• _TASK INSTRUCTIONS_
Where an entry contains a picture, skip the picture and write out everything else exactly.

• _DATA IN THIS EXERCISE_
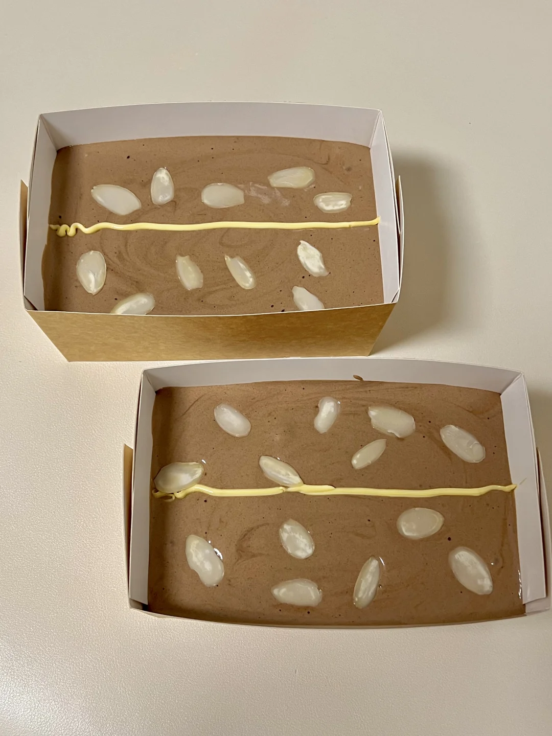 7️⃣蛋清和蛋黄糊分两次翻拌均匀,混合好的面糊倒入模具中,轻震模具去除部分气泡,表面用软化的黄油画一条线,再撒杏仁片装饰
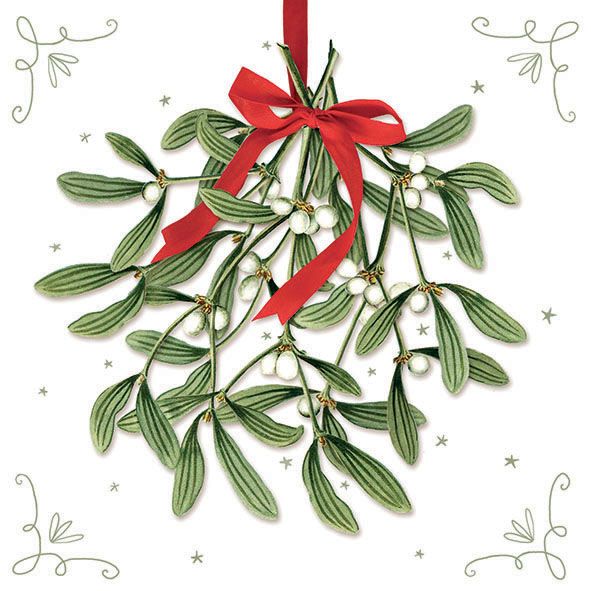 - Ambiente - Paper Napkins Christmas - Pack of 20 - Luncheon Size - Mistletoe With Bow White
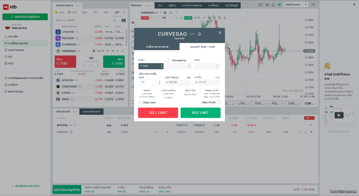ข้อจำกัด: ไม่มีออปชันที่จดทะเบียนหรือตลาดฟิวเจอร์สโดยตรง (CFDs เท่านั้น) ไม่มีการเทรดโซเชียล (คัดลอกการเทรด) — เป็นเรื่องของฟีเจอร์แพลตฟอร์มมากกว่าผลิตภัณฑ์ ไม่มีคู่คริปโต-คริปโต — มีแค่เทียบกับ USD หรือ EUR สเปรดอาจกว้างขึ้นในวันหยุดสุดสัปดาห์ แม้ตลาดคริปโตยังเปิดอยู่ คุณไม่สามารถซื้อและถอนคริปโตเป็นเหรียญได้ — มีแค่ CFDs เท่านั้น ซึ่งบางคนอาจมองว่าเป็นข้อเสีย แต่ XTB เป็นโบรกเกอร์ ไม่ใช่กระดานแลกเปลี่ยนคริปโต
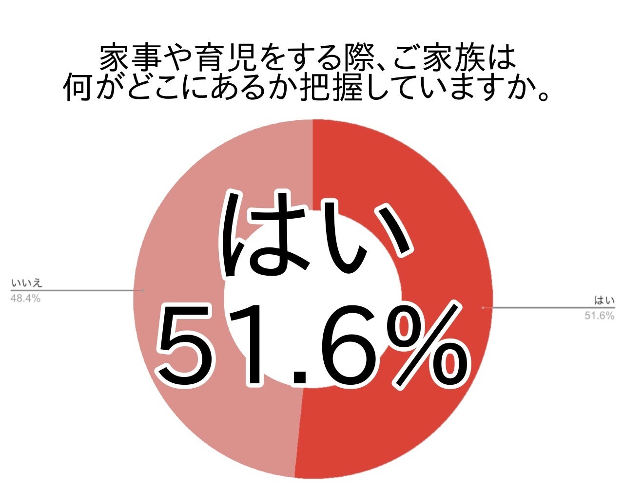 関東地域では家事や育児をする際に家族が何がどこにあるか把握していると答えた方は5割強(51.6%)でした。逆に約半数(48.4%)は把握できていないことがわかりました。
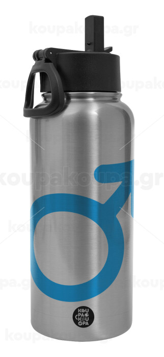 MALE, Metal mug thermo Silver with Straw and Spout Lid (Stainless steel), double wall, 950ml

• _ANSWER TO THE PROBLEM_
 7️⃣蛋清和蛋黄糊分两次翻拌均匀,混合好的面糊倒入模具中,轻震模具去除部分气泡,表面用软化的黄油画一条线,再撒杏仁片装饰
 - Ambiente - Paper Napkins Christmas - Pack of 20 - Luncheon Size - Mistletoe With Bow White
ข้อจำกัด: ไม่มีออปชันที่จดทะเบียนหรือตลาดฟิวเจอร์สโดยตรง (CFDs เท่านั้น) ไม่มีการเทรดโซเชียล (คัดลอกการเทรด) — เป็นเรื่องของฟีเจอร์แพลตฟอร์มมากกว่าผลิตภัณฑ์ ไม่มีคู่คริปโต-คริปโต — มีแค่เทียบกับ USD หรือ EUR สเปรดอาจกว้างขึ้นในวันหยุดสุดสัปดาห์ แม้ตลาดคริปโตยังเปิดอยู่ คุณไม่สามารถซื้อและถอนคริปโตเป็นเหรียญได้ — มีแค่ CFDs เท่านั้น ซึ่งบางคนอาจมองว่าเป็นข้อเสีย แต่ XTB เป็นโบรกเกอร์ ไม่ใช่กระดานแลกเปลี่ยนคริปโต
 関東地域では家事や育児をする際に家族が何がどこにあるか把握していると答えた方は5割強(51.6%)でした。逆に約半数(48.4%)は把握できていないことがわかりました。
 MALE, Metal mug thermo Silver with Straw and Spout Lid (Stainless steel), double wall, 950ml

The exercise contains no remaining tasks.